I truly believe that God gave us animals to learn from.  All we need to do is listen.  I believe that they are God's teachers.  They provide us with love and support when we are in need.  Some credit the animals themselves saying that they teach us and even talk to us beyond the grave.  But I cannot help but give credit to God.  He has blessed me with these animals and has given me the opportunity to learn from them.  Any inspiration I get from them comes from God.  I believe that He uses them to help us and to teach us.  I do thank the animals that have helped me.  But the true credit goes to the Lord who has made it possible for me to experience what animals have to offer.
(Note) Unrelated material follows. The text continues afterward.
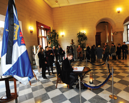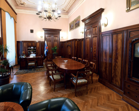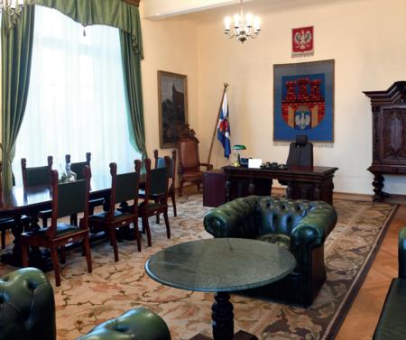 I oto ostatni krok: wykonano dwa egzemplarze chorągwi miasta Krakowa i 4 sierpnia 2004 r. w gabinetach prezydenta miasta oraz przewodniczącego Rady Miasta Krakowa zainstalowano po jednym egzemplarzu – to ich stałe miejsce (zob. il. 152–153), stąd są wyprowadzanie czy to na Salę Obrad Rady Miasta Krakowa, czy incydentalnie do holu w Pałacu Wielopolskich, czy też na zewnątrz, na uroczystości obywające się na terenie miasta (zob. il. 154 oraz il. 161).

My friend and I often speak of a sign we saw that read "You get the dog you deserve".  Both of us disagree with this saying.  There are a few reasons I disagree with this.  One is from an instructor standpoint.  It can make a student feel very negative.  But my main reason is that I don't know how I could ever deserve such a wonderful gift.  I did nothing special to deserve such an amazing relationship with the animals who have blessed my life.  Yes, some moments were very difficult.  It was hard to deal with a very reactive border collie when I had no clue what I was doing.  But that border collie never gave up.  He pushed forward and helped me do the same.  It was hard as a shy girl to take Harley to training classes.  But he pushed me to do so.  It has also been hard to accept some of my mistakes.  I didn't always listen to the dogs the way I should have.  But the same dogs who I didn't listen to, helped me learn from those mistakes.  

I don't feel like I've deserved any of the gifts that God has given me.  I wish I could go on TV as if I had won a Grammy and thank each and every one of the animals who I have been blessed with knowing.   But I certainly should credit God first for such wonderful relationships and teachings.  He has used animals as well as my beloved family to help me grow in a way that I could have never imagined.  Without Him, I wouldn't have had such a wonderful opportunity.